*YOUR OBJECTIVE*:
Please give the lines below again exactly as they stand, from the one that contains "The U.S. Ninth" up to and including the one that contains "Saia Longa Rodada", leaving all pictures out.

*EXCERPTED RECORDS*:
----

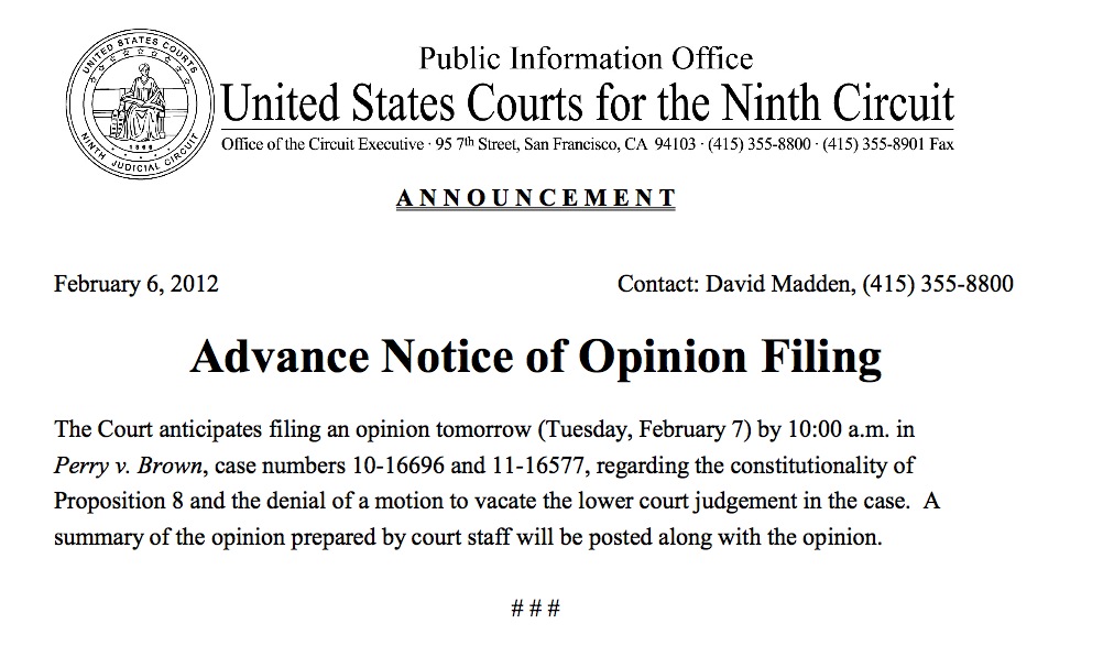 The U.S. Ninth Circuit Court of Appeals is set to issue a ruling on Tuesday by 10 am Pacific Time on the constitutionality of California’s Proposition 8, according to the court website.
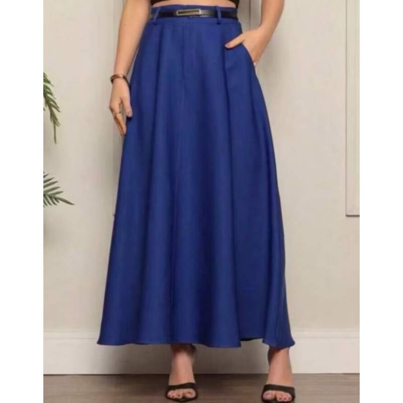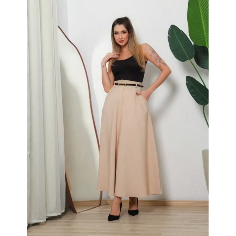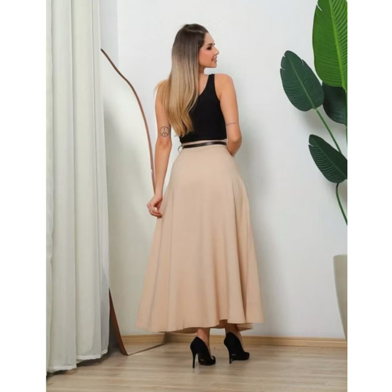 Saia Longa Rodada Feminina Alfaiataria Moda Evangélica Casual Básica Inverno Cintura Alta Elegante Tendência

----

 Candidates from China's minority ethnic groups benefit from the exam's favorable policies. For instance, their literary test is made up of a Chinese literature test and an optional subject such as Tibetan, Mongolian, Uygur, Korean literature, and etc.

----

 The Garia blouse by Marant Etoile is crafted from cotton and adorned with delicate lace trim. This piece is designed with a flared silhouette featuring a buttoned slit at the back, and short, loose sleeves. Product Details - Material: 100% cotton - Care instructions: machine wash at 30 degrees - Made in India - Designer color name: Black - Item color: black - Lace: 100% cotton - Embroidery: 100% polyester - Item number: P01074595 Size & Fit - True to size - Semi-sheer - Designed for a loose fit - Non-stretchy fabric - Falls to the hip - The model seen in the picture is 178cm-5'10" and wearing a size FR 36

----

*WRITTEN RESPONSE*:
 The U.S. Ninth Circuit Court of Appeals is set to issue a ruling on Tuesday by 10 am Pacific Time on the constitutionality of California’s Proposition 8, according to the court website.
 Saia Longa Rodada Feminina Alfaiataria Moda Evangélica Casual Básica Inverno Cintura Alta Elegante Tendência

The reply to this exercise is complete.